- _PROBLEM STATEMENT_
Apart from the pictures, every entry should be reproduced exactly.

- _GIVEN RECORDS_
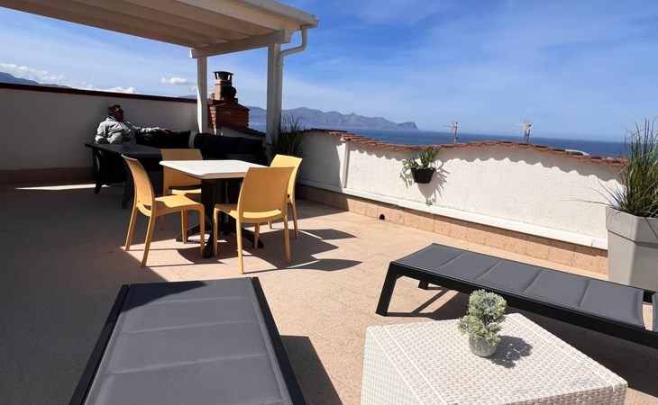 The penthouse has a half-covered terrace equipped with chairs, table, deckchairs and a relaxation area where you can enjoy excellent food in front of a breathtaking panorama.
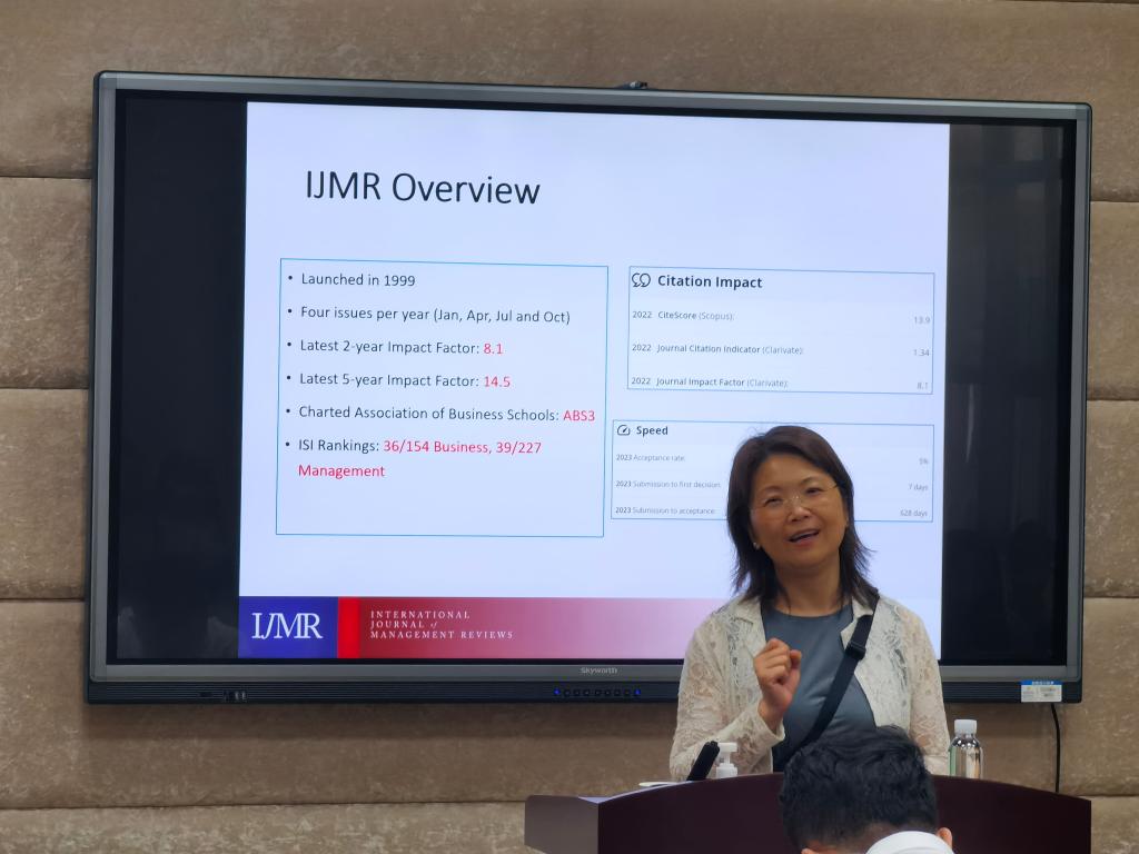 曹教授首先分享了她的研究成果和专长,并与同学们互动探讨了研究热点。随后,曹教授重点介绍了International Journal of Management Reviews(IJMR)期刊。IJMR是影响因子高达8.1的顶级刊物(ABS 3*),主要刊登组织与管理研究(OMS)和战略管理领域的文章,以其重大概念贡献、新研究方向和影响力著称。
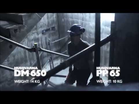 Бурилка Husqvarna DM 650 оснащена системой пылеудаления и водяным охлаждением двигателя, при минимальных потребностях в обслуживании.
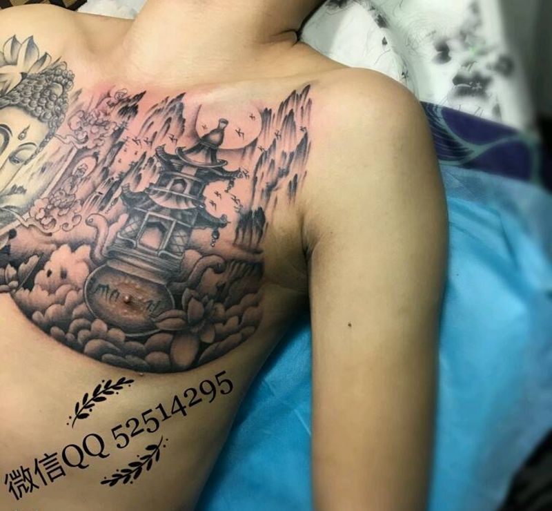 当前位置: 首页 >四川省乐山市纹身店-龍印刺青纹身图案>花胸佛两次完成纹身图片
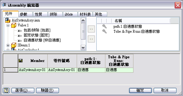 - 完成所有其他 Inventor iAssembly 性質後,按一下「確認」以確認組合規劃。例如,一個主要管路組合成員在 iAssembly 工廠中僅能成為自適應一次,並且「材料表數量」欄僅能包含一個數值或一個字串 Default。
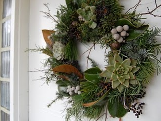 there are tons of ideas out there, but i think if i did it, i would make mine a litle more sparkly and festive. adding in some silver glitter and red holly. to me this don’t look like festive wreaths, more like year-round ones.
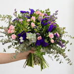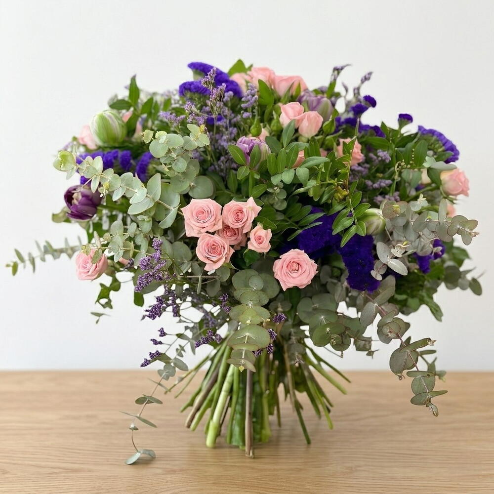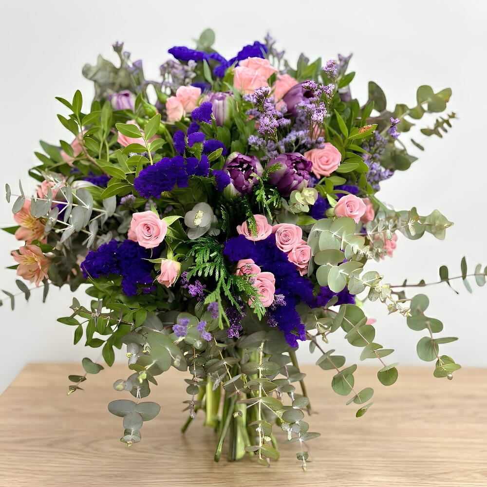 лентиски - 10 шт. рожеві міні-троянди - 5 шт. фіолетові лімоніуми - 5 шт. сезонний евкаліпт - 10 шт. лімоніуми фіолетові - 5 шт.
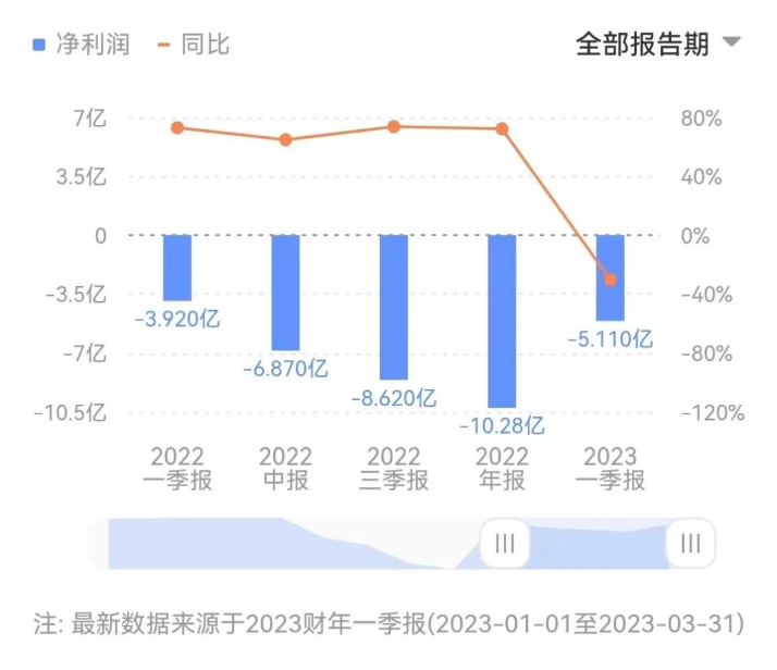 2023年第一季度,Robinhood的營業(yè)收入為4.41億美元,同比增長47%,環(huán)比增長16%;凈利潤為-5.11億美元,而去年同期為-3.92億美元,已連續(xù)第七個季度虧損。

- _ANSWER AREA_
 The penthouse has a half-covered terrace equipped with chairs, table, deckchairs and a relaxation area where you can enjoy excellent food in front of a breathtaking panorama.
 曹教授首先分享了她的研究成果和专长,并与同学们互动探讨了研究热点。随后,曹教授重点介绍了International Journal of Management Reviews(IJMR)期刊。IJMR是影响因子高达8.1的顶级刊物(ABS 3*),主要刊登组织与管理研究(OMS)和战略管理领域的文章,以其重大概念贡献、新研究方向和影响力著称。
 Бурилка Husqvarna DM 650 оснащена системой пылеудаления и водяным охлаждением двигателя, при минимальных потребностях в обслуживании.
 当前位置: 首页 >四川省乐山市纹身店-龍印刺青纹身图案>花胸佛两次完成纹身图片
 - 完成所有其他 Inventor iAssembly 性質後,按一下「確認」以確認組合規劃。例如,一個主要管路組合成員在 iAssembly 工廠中僅能成為自適應一次,並且「材料表數量」欄僅能包含一個數值或一個字串 Default。
 there are tons of ideas out there, but i think if i did it, i would make mine a litle more sparkly and festive. adding in some silver glitter and red holly. to me this don’t look like festive wreaths, more like year-round ones.
 лентиски - 10 шт. рожеві міні-троянди - 5 шт. фіолетові лімоніуми - 5 шт. сезонний евкаліпт - 10 шт. лімоніуми фіолетові - 5 шт.
 2023年第一季度,Robinhood的營業(yè)收入為4.41億美元,同比增長47%,環(huán)比增長16%;凈利潤為-5.11億美元,而去年同期為-3.92億美元,已連續(xù)第七個季度虧損。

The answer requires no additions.